When you write (\\w+(/|\\\\)?)+, you are basically introducing the (\\w+)+ pattern into your regex. This leaves the opportunity for the regex engine to match a same string in multiple ways (either using the inner or the outer +) - the number of possible paths increases exponentially, and since the engine has to try all possible ways of matching before declaring failure it takes forever to return a value.

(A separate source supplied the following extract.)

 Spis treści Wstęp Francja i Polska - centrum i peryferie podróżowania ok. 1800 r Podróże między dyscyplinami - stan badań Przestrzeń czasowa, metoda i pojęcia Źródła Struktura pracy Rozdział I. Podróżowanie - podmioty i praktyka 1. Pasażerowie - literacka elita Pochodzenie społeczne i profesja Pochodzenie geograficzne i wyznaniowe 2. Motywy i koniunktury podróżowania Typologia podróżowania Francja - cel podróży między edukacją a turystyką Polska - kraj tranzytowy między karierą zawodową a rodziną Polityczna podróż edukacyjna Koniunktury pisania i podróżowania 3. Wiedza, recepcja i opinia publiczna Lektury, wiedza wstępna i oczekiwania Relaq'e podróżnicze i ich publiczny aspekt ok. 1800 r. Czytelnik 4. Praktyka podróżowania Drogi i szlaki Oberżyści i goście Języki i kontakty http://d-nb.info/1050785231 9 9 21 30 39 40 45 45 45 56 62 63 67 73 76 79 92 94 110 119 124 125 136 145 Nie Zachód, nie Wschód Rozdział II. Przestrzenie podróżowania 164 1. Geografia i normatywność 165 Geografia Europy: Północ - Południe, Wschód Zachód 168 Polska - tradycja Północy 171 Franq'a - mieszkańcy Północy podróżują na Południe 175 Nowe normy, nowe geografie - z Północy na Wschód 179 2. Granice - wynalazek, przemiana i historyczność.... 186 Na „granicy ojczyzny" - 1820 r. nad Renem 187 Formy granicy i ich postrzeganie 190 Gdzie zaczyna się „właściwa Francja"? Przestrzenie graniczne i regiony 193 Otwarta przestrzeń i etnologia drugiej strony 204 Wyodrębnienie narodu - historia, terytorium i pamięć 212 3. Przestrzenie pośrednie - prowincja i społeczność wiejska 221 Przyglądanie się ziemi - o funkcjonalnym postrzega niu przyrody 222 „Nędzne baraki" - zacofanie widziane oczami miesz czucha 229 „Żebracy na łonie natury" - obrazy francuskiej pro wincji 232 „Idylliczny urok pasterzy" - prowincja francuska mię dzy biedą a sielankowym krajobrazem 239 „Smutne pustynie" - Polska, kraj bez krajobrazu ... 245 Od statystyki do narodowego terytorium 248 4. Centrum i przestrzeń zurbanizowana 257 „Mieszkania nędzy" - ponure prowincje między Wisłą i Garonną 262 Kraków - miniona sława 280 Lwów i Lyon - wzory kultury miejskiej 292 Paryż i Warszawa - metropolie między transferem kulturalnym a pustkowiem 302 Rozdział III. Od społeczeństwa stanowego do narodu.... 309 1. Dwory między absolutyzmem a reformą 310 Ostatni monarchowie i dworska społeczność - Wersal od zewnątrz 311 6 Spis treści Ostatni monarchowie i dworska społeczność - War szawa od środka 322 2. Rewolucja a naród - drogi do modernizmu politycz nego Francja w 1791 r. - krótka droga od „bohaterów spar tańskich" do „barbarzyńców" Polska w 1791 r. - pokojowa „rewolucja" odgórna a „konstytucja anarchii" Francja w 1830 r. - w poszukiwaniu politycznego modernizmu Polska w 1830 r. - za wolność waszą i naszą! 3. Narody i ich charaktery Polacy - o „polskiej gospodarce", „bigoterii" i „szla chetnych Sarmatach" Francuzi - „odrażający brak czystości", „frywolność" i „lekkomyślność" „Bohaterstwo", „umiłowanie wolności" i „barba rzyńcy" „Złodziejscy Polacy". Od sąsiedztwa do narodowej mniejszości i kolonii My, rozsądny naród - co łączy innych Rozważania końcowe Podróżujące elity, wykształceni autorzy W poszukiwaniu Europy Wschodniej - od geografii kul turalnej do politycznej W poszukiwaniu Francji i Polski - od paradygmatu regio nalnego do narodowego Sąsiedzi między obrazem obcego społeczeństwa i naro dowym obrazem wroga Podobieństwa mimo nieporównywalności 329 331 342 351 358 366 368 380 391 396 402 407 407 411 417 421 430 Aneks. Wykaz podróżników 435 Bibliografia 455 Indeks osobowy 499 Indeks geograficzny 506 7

Also, a few general comments on your regex:

  • c:\\| will match, literally, the string c:|
  • /|\\\\ is just [/\\\\]
  • (\s+)? is \s*
  • . is a wildcard ("anything but a newline") that need to be escaped
  • for the c/C variations, either use [cC] or make your whole regex case insensitive
  • when you don't need to actually capture values, using non-capturing groups (?:...) relieves the engine of some work

Taking these into account, a regex in the spirit of your first attempt could be:

\\s*(?:[cC]:[/\\\\])?(?:\\w+[/\\\\])*\\w+\\.[a-z]+

In (?:\\w+[/\\\\]), the character class [/\\\\] isn't optional any more, thus avoiding the (\\w+)+ pattern: see demo here.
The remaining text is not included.